As you research becoming a gestational carrier, you probably have a lot of questions. But, as you find out more about the different gestational surrogate requirements you’ll have to meet to help an intended parent, you may be overwhelmed — or even annoyed — at the steps ahead of you.
So, you may ask: “Why are there surrogate mother requirements? Why can’t any woman who wants to be a surrogate help someone else become a parent?”
We admire your desire to help create a family; it’s a characteristic that all the best gestational surrogates share. However, before you can become a surrogate and help an intended parent, you need to understand all the nuances of the surrogacy process. That starts with the reasoning behind surrogate requirements.
In short, setting requirements for becoming a surrogate mother is a kind of insurance policy. It allows all parties to move forward with the surrogacy process with a sense of security. Surrogacy can be complicated and it comes with risks; going blind into the process can put parties in physical, emotional and financial danger.

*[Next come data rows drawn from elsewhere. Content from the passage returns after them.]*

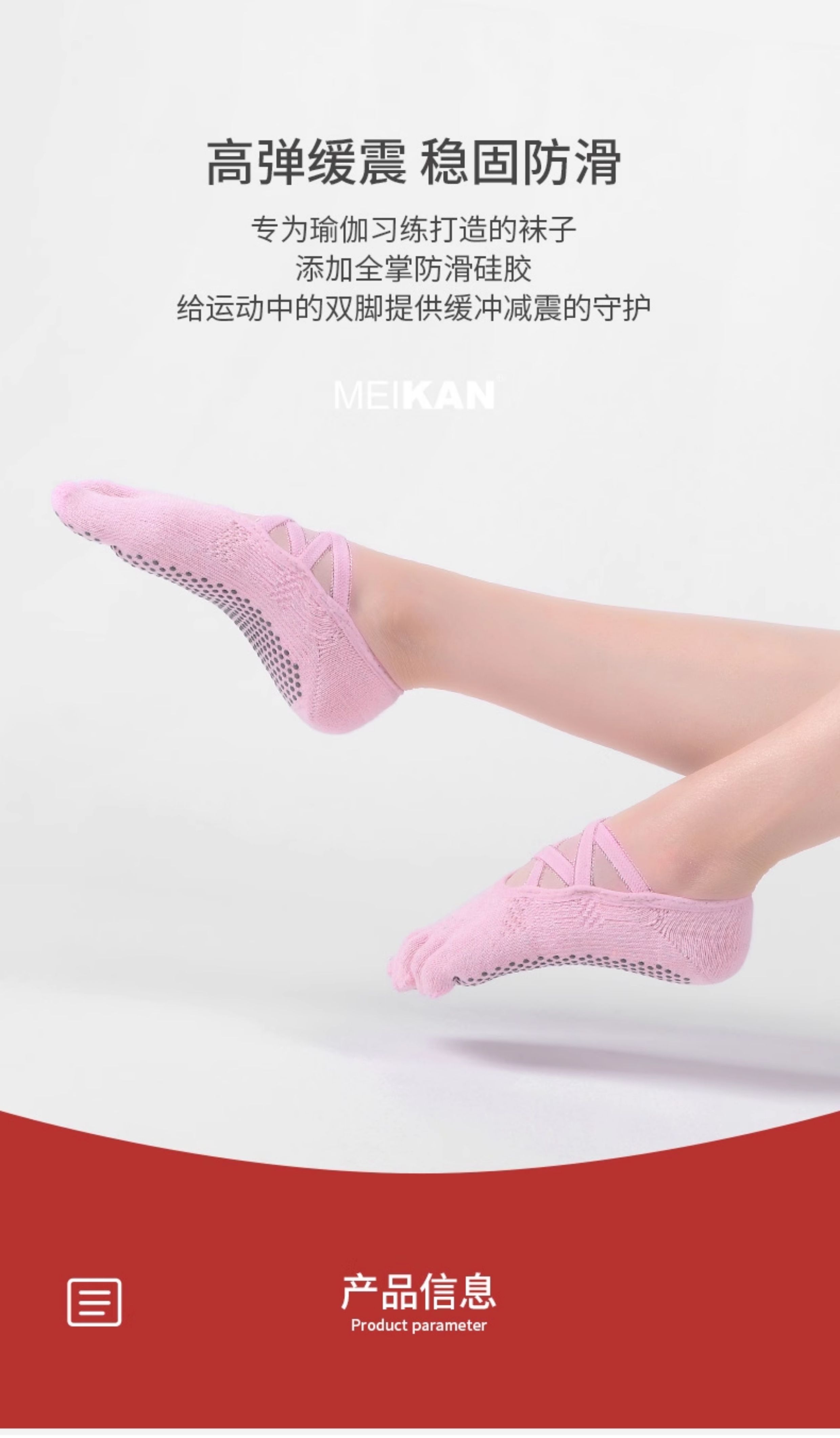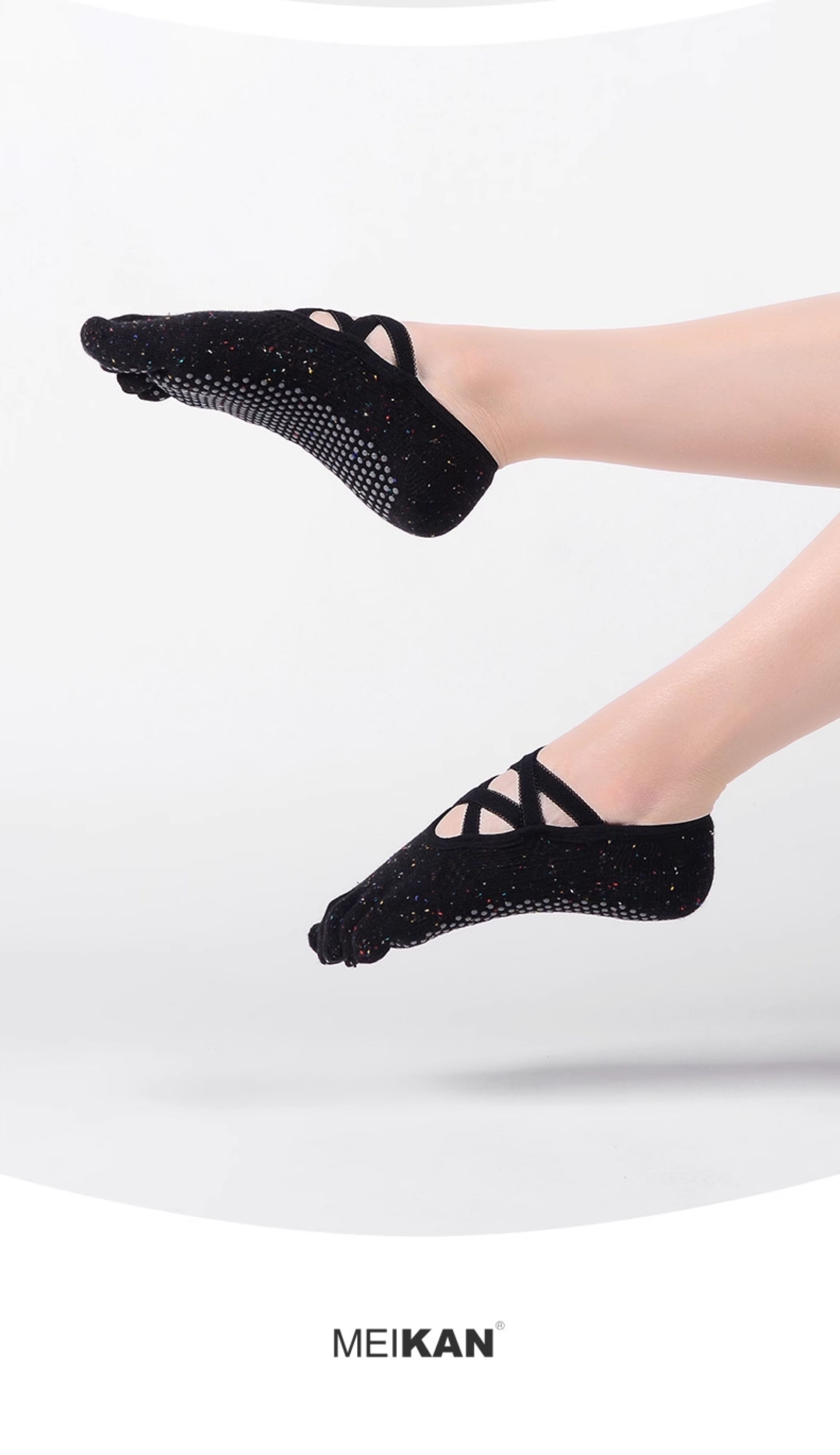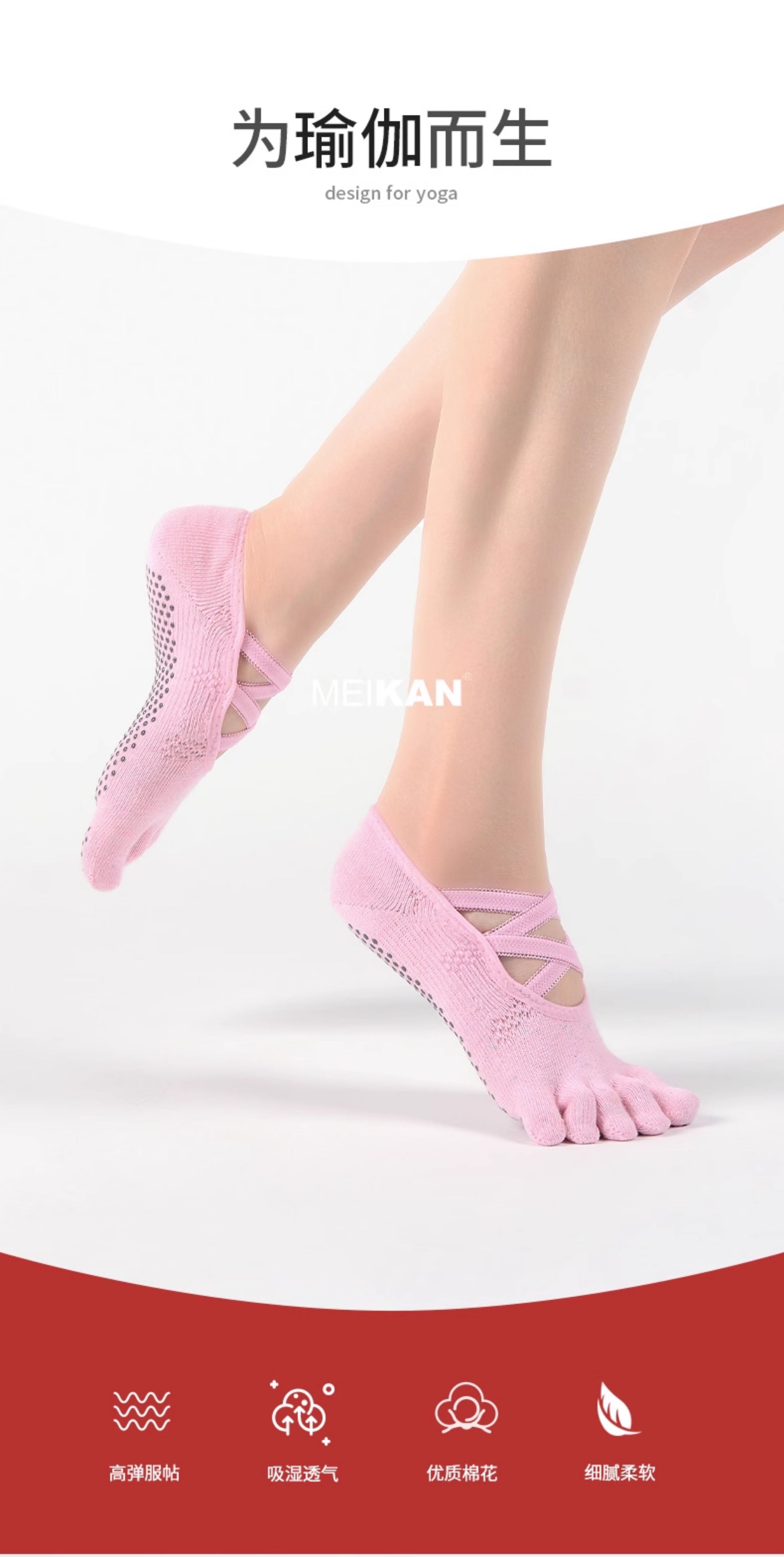 MEIKAN美看瑜珈襪子五指襪棉綁帶防滑襪地板襪專業普拉提襪分趾襪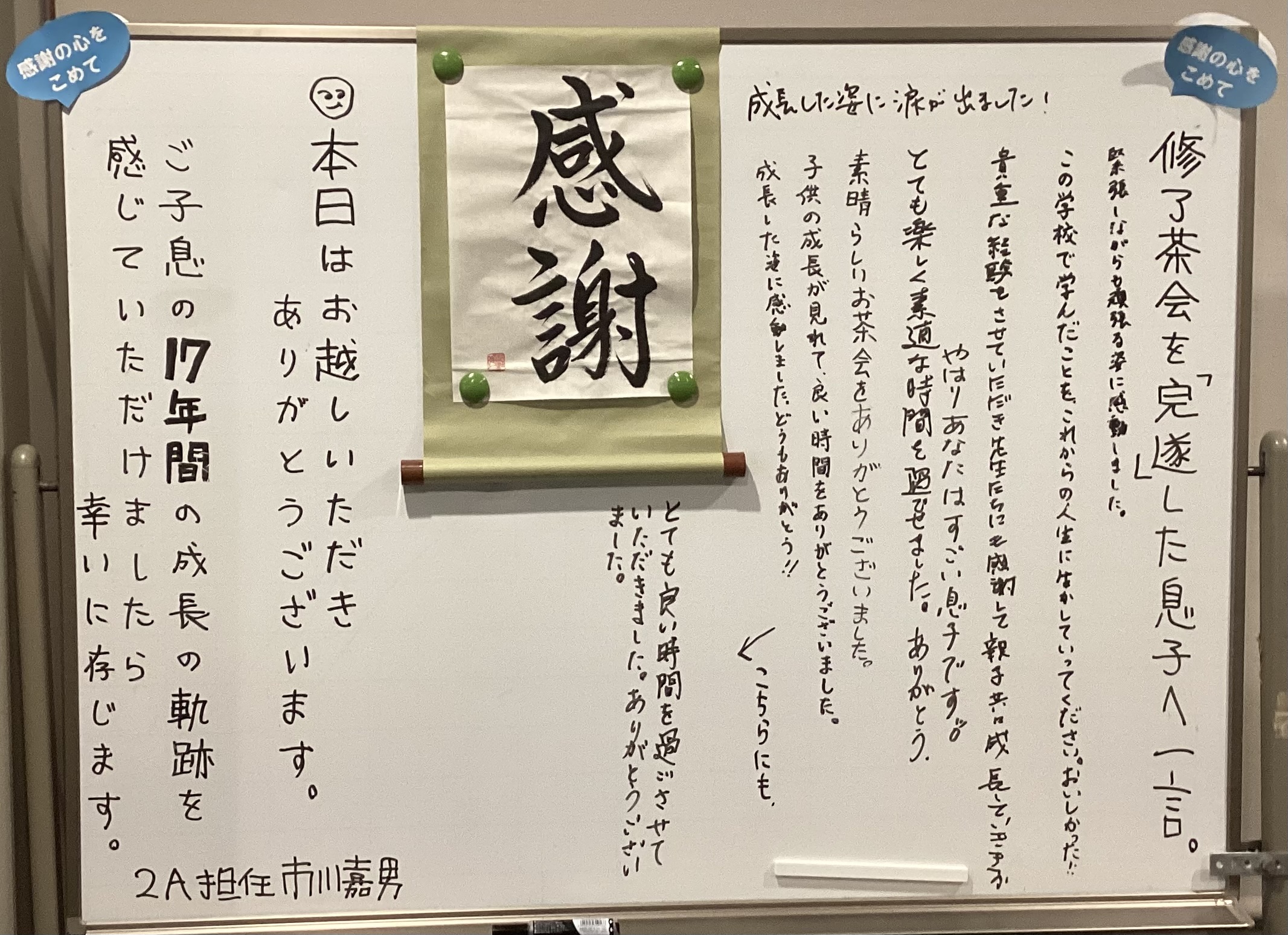 編入してきた生徒たちも補習に熱心に参加し、みるみる上達していきます。努力を重ねながら成長していく姿は、とても頼もしく感じられます。生徒一人ひとりが心を込めてお客様をお迎えする、大切な学びの機会となっており、一服に心を込めてお客様をお迎えするひとときが、学びの節目として心に残るお茶会となっています。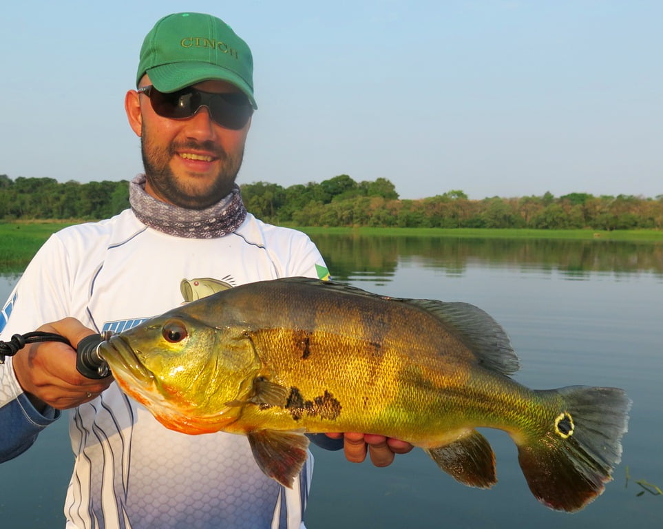O peixe estava manhoso, talvez pela água cristalina em um dia sem vento, ou até pelas fortes chuvas dos dias anteriores. Porém logo nos primeiros arremessos recebi duas pancadas grandes na superfície, um dos peixes abriu a garatéia e escapou, era o meu troféu do dia.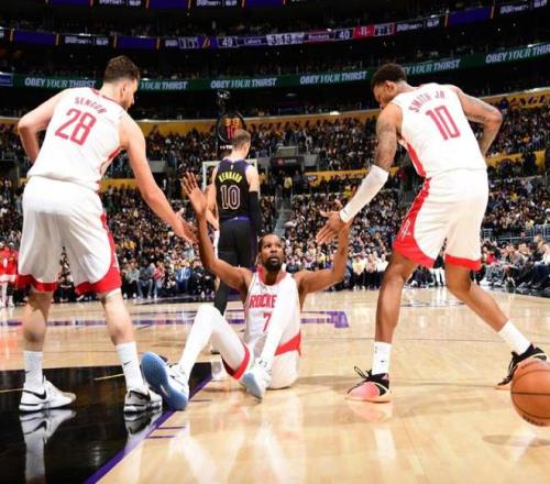 第三节史密斯连得4分,火箭队55-54实现反超。湖人加强了对杜兰特的防守,同时在进攻端多点开花,分差再次被拉开。上半场得到20分的杜兰特,在第三节单节仅仅依靠罚球拿到1分。三节比赛结束时,湖人队75-68领先火箭7分。

While it may be annoying at times to go through all the requirements to be a gestational surrogate, it is well worth it — not just for yourself as a prospective surrogate but for everyone you will work with along the way.
The best way to learn more about what is required to be a surrogate mother is by contacting a surrogacy professional. They can answer all of your questions about becoming a surrogate and help you understand why they set the requirements they do.
In the meantime, know this: Gestational surrogate mother requirements serve a few very important purposes, as outlined below.
1. To Protect a Gestational Carrier
First and foremost, surrogate mother requirements exist to protect you as a gestational carrier. A gestational pregnancy comes with all the same risks and challenges as a pregnancy of your own, as well as the risks of the embryo transfer process. If you are thinking of being a surrogate, you must meet certain requirements for surrogate mothers to ensure that you can safely pursue this path.
The most important role of gestational surrogate requirements is to protect your physical wellbeing during the process. That’s why all prospective surrogates must be of good health, be within a certain age range, and have already had a successful pregnancy. Surrogacy professionals have determined that these are the best indicators of future surrogacy success, so they’re non-negotiables if you wish to take this path.
The requirements to be a surrogate mother also include a psychological screening. You and your spouse will meet with a mental health professional to go over how you may feel during surrogacy, the extra stresses and responsibilities that may come with this journey, and more. This step will help your entire family prepare for the ups and downs of surrogacy and help you have as positive an experience as possible.
Yes — what is required to be a surrogate mother can be extensive, but it ultimately is responsible for ensuring your physical and emotional safety during the year or so moving forward.
2. To Protect Intended Parents
Many intended parents come to gestational surrogacy after months or years spent pursuing other infertility treatments. Surrogacy is often their last chance to have a genetically related child, so they want the best chances of succeeding in this journey.
Gestational surrogacy requirements for surrogate mothers make sure that intended parents have the best shot possible at a child. These requirements confirm that a prospective surrogate can safely and successfully carry a child to term. And that’s exactly what intended parents are looking for. Knowing that a prospective surrogate is medically screened prior to an embryo transfer makes it more likely that transfer will lead to a successful pregnancy — and the child the intended parents have been waiting for.
Sometimes, prospective surrogates who don’t meet all the surrogacy candidate requirements try to match with independent intended parents to bypass these guidelines. But remember that intended parents want the best possible odds — so even independent intended parents will require you to meet these qualifications before moving forward.
3. To Protect Surrogacy Professionals
Surrogacy agencies, attorneys and clinics want to create the best surrogacy journey possible for all parties involved. But, they can only do that if they are confident in the abilities of a gestational surrogate. For this reason, all surrogacy professionals will need you to meet requirements to be a gestational surrogate before they will move forward with any other steps.
Surrogate mother requirements allow professionals to:
- Avoid legal and emotional complications with both parties along the way
- Adhere to state surrogacy laws
- Tailor your surrogacy journey to your personal situation and needs
- Provide the support that your situation deserves
- And more
Any good surrogacy professional will always be willing to discuss its surrogate requirements and help you understand exactly what purpose those standards serve. In fact, if you’re interested in becoming a surrogate, contacting a surrogacy professional should always be the first thing you do. That way, you can learn more about the process ahead of you to determine whether it’s really the right path for you and your family.
Should you meet the requirements to be a surrogate, you will be well on your way to making someone else’s parenthood dreams come true!